▸ Data
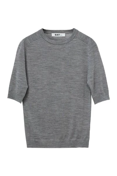 Een dun gebreide pullover-t-shirt met ribbels aan de mouwen, zoom en nek. Draag met hoge taille broek voor een klassiek, professioneel ensemble. Kwaliteit: 100% merinowol
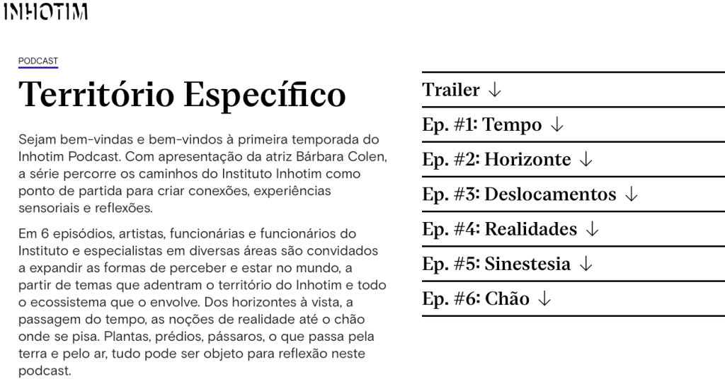Consultoria de roteiro e conteúdo, desenvolvimento dos temas, subtemas e questões abordadas em cada episódio. Elaboração da pauta das entrevistas com artistas, cientistas, acadêmicos, envolvendo os cruzamentos entre as artes e meio-ambiente. Trabalho com equipes multidisciplinares, com ênfase nos conteúdos em áudio para um público amplo e essencialmente jovem.
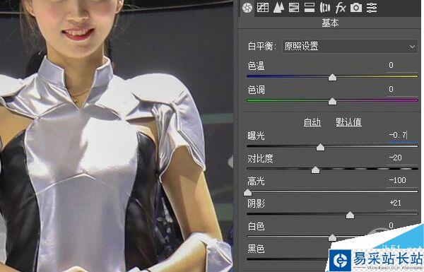 經過相機機內優化而生成的JPG格式照片,由于本身已經是一種壓縮格式,好處自然是照片容量非常小,畫質相對也好。不過從后期處理JPG的高光部分可以看出,-100高光后人物衣服沒有半點細節可以被拉回,也就是說如果JPG過曝嚴重,是沒法兒回頭的,怎么也救不回。但如果你拍攝的是RAW呢?
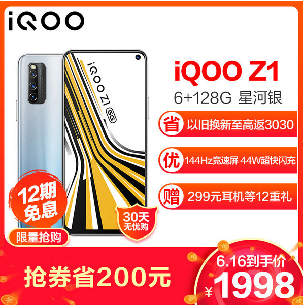 作为iQOO最新发布的5G性能先锋,iQOO Z1刚好赶上了618购物节。在“618网购狂欢节”首日,iQOO Z1就斩获了京东/天猫/苏宁手机2-2.5K价位段销量&销售额双冠军。在没有优惠活动之前,这款手机的售价最低也要2198,但是在618购物节期间,在京东、天猫、苏宁等电商平台领券后,只要1998就可以拿到。不仅如此,用户选购iQOO Z1时,可获赠iQOO耳机、12期免息等福利,非常超值。

▸ Task to complete
Restate the full listing verbatim and drop every picture.

▸ Solution for this task
 Een dun gebreide pullover-t-shirt met ribbels aan de mouwen, zoom en nek. Draag met hoge taille broek voor een klassiek, professioneel ensemble. Kwaliteit: 100% merinowol
Consultoria de roteiro e conteúdo, desenvolvimento dos temas, subtemas e questões abordadas em cada episódio. Elaboração da pauta das entrevistas com artistas, cientistas, acadêmicos, envolvendo os cruzamentos entre as artes e meio-ambiente. Trabalho com equipes multidisciplinares, com ênfase nos conteúdos em áudio para um público amplo e essencialmente jovem.
 經過相機機內優化而生成的JPG格式照片,由于本身已經是一種壓縮格式,好處自然是照片容量非常小,畫質相對也好。不過從后期處理JPG的高光部分可以看出,-100高光后人物衣服沒有半點細節可以被拉回,也就是說如果JPG過曝嚴重,是沒法兒回頭的,怎么也救不回。但如果你拍攝的是RAW呢?
 作为iQOO最新发布的5G性能先锋,iQOO Z1刚好赶上了618购物节。在“618网购狂欢节”首日,iQOO Z1就斩获了京东/天猫/苏宁手机2-2.5K价位段销量&销售额双冠军。在没有优惠活动之前,这款手机的售价最低也要2198,但是在618购物节期间,在京东、天猫、苏宁等电商平台领券后,只要1998就可以拿到。不仅如此,用户选购iQOO Z1时,可获赠iQOO耳机、12期免息等福利,非常超值。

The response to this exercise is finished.